ID	Priority	Best Practice
BP 3.1.7.1	Required	Use encryption to protect IoT data in transit and at rest
BP 3.1.7.2	Highly Recommended	Use data classification strategies to categorize data access based on levels of sensitivity
BP 3.1.7.3	Recommended	Protect your IoT data in compliance with regulatory requirements

Architecture Notes - BP 3.1.7.1 - Use encryption to protect IoT data in transit and at restUse encryption to protect IoT data in transit and at rest

For data at rest, the Storage Networking Industry Association (SNIA) defines storage security as “Technical controls, which may include integrity, confidentiality and availability controls that protect storage resources and data from unauthorized users and uses.” Thus, it’s required to protect the confidentiality of sensitive data, such as the device identity, secrets, or user data, by encrypting it at rest. For data in transit, use a secure transport mechanism such as TLS to protect the confidentiality and integrity of all data transmitted to and from your devices.

Recommendation 3.1.7.1.1 - Require the use of device SDKs or client libraries for the device to communicate to cloud

Configure the IoT devices to communicate only over TLS to cloud endpoints. For example, use AWS IoT Greengrass or Amazon FreeRTOS SDKs to secure connectivity from your devices to AWS IoT Core over TLS 1.2. See AWS IoT Core Developer Guide’s Transport security in AWS IoT.

Recommendation 3.1.7.1.2 - Encrypt data at rest or secrets on IoT devices

As explained earlier in section 2.3.3, take advantage of encryption utilities provided by the host operating system to encrypt the data stored at rest in the local filesystem. In addition, take advantage of Secure Elements, and TPMs. TEEs can add storage protections as well

Recommendation 3.1.7.1.3 -

Architecture Notes - BP 3.1.7.2 - Use data classification strategies to categorize data access based on levels of sensitivity

Data classification and governance is the customer’s responsibility.

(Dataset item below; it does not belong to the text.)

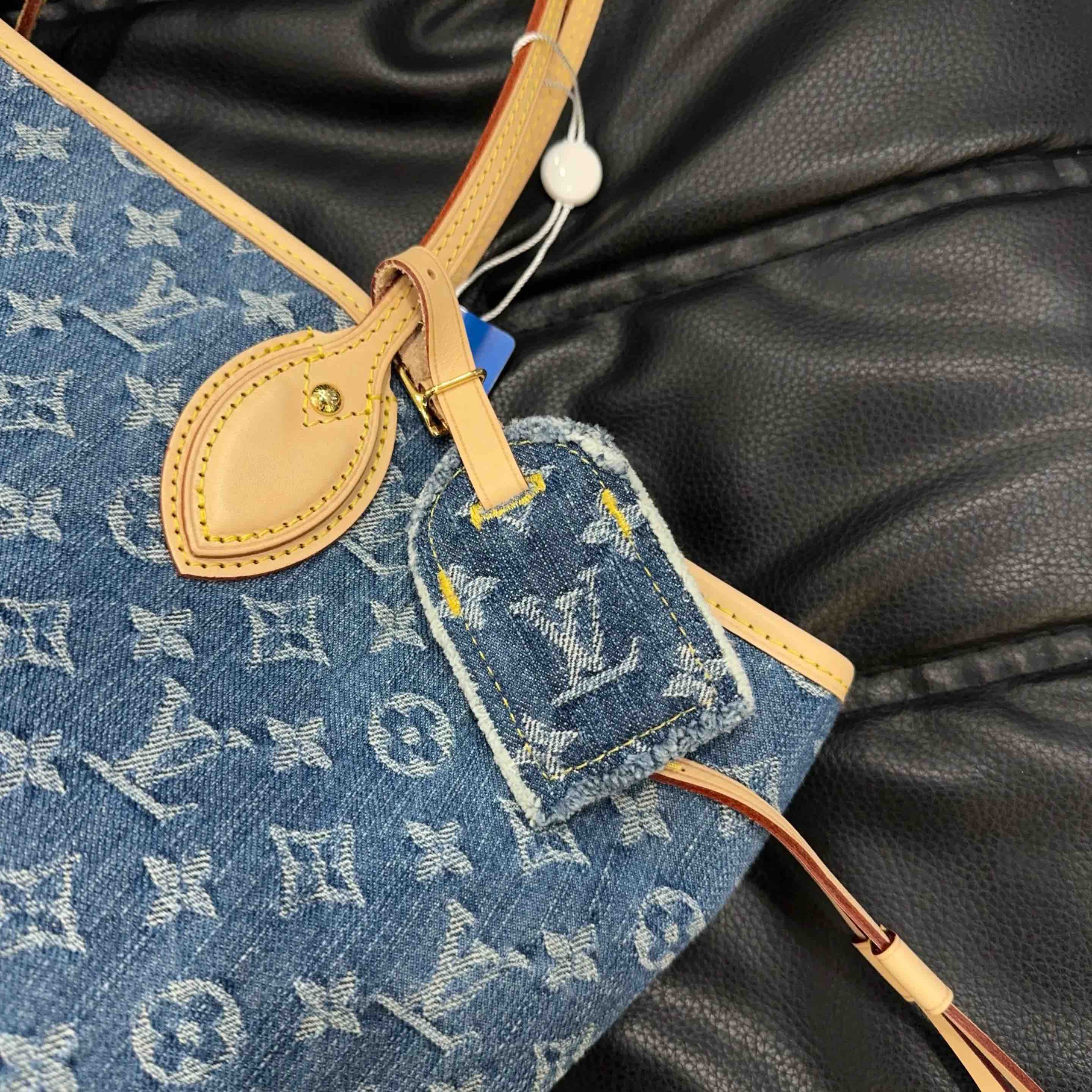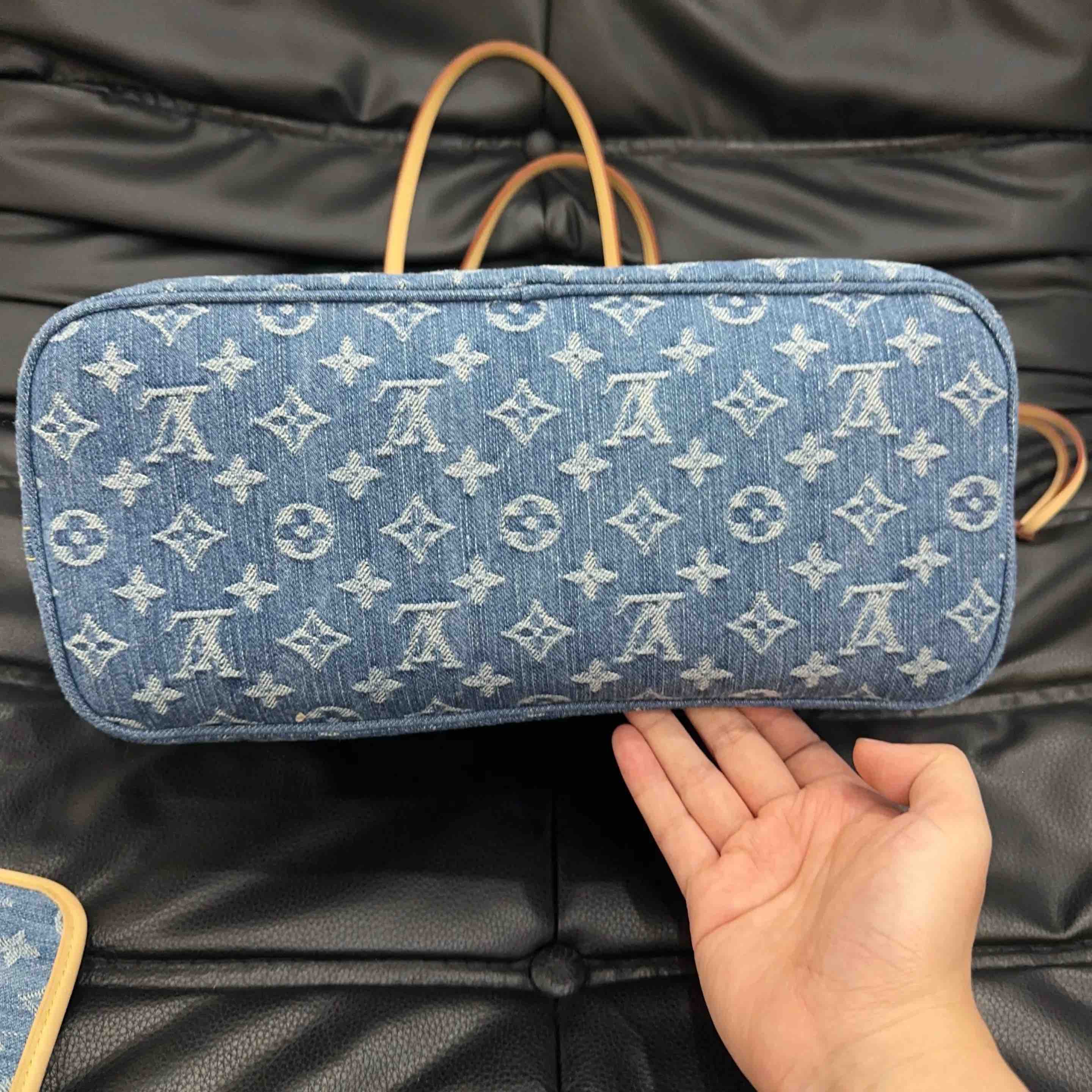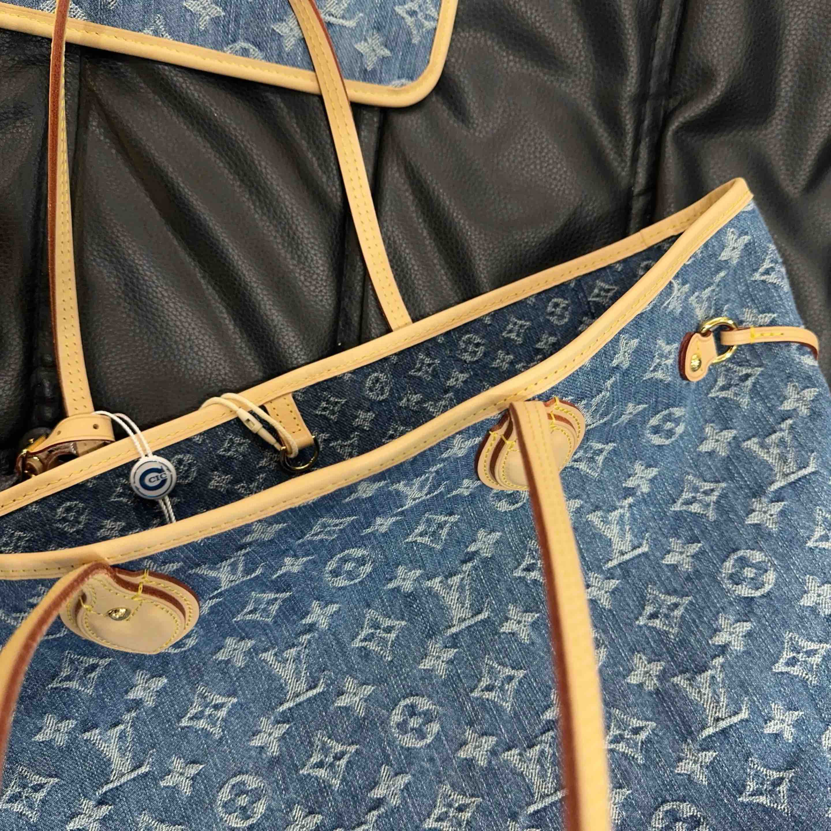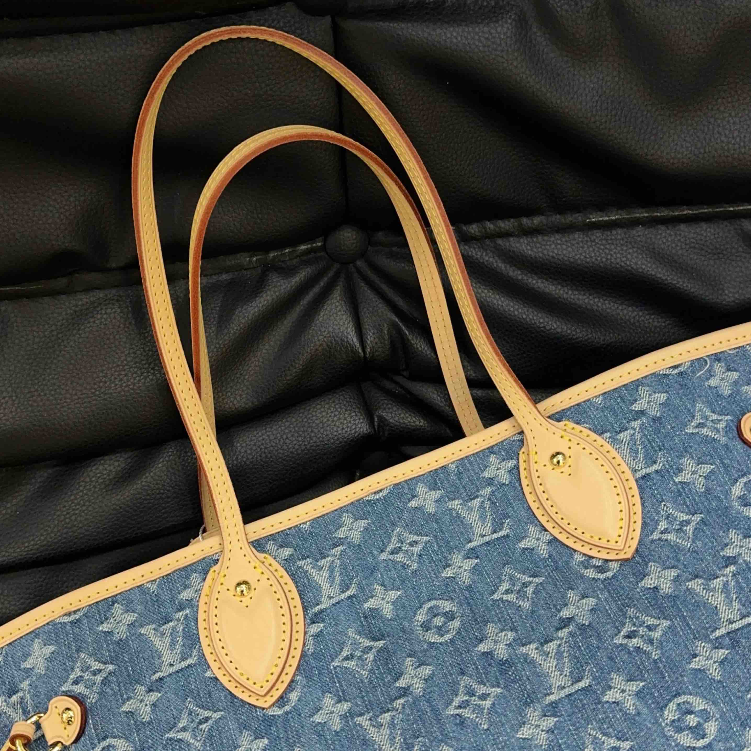 【商品详情】正品二手 LV Neverfull 中号 蓝色 老花 丹宁拼植鞣革 购物袋💙 99新 33×28 芯片款 配件:子袋 防尘袋。25年6月新款 通勤出街全能托特

1. Identify and classify data based on sensitivity collected throughout your IoT workload and learn their corresponding business use-case.
2. Identify and act on opportunities to stop collecting unused data, or adjusting data granularity and retention time.
3. Consider a defense in depth approach and reduce human access to device data.

See the following for more details:

• AWS IoT Greengrass Developer Guide: Manage data streams on the AWS IoT Greengrass core
• The Internet of Things on AWS – Official Blog: Designing dataflows for multi-schema messages in AWS IoT Analytics

Recommendation 3.1.7.2.1 - Implement data classification strategies for all data stored on devices or in the cloud, as well as all data sent over the network. Process data based on the level of sensitivity (for example, highly classified, personally identifiable data, etc.)

Before architecting an IoT application, data classification, governance, and controls must be designed and documented to reflect how the data can be persisted on the edge or in the cloud, and how data should be encrypted throughout its lifecycle. For example:

• By using AWS IoT Greengrass stream manager, you can define policies for storage type, size, and data retention on a per-stream basis. For highly classified data, you can define a separate data stream.
• By using AWS IoT Analytics, you can create different workflows for storing classified data. For highly classified data, you can define a separate pipeline and data store.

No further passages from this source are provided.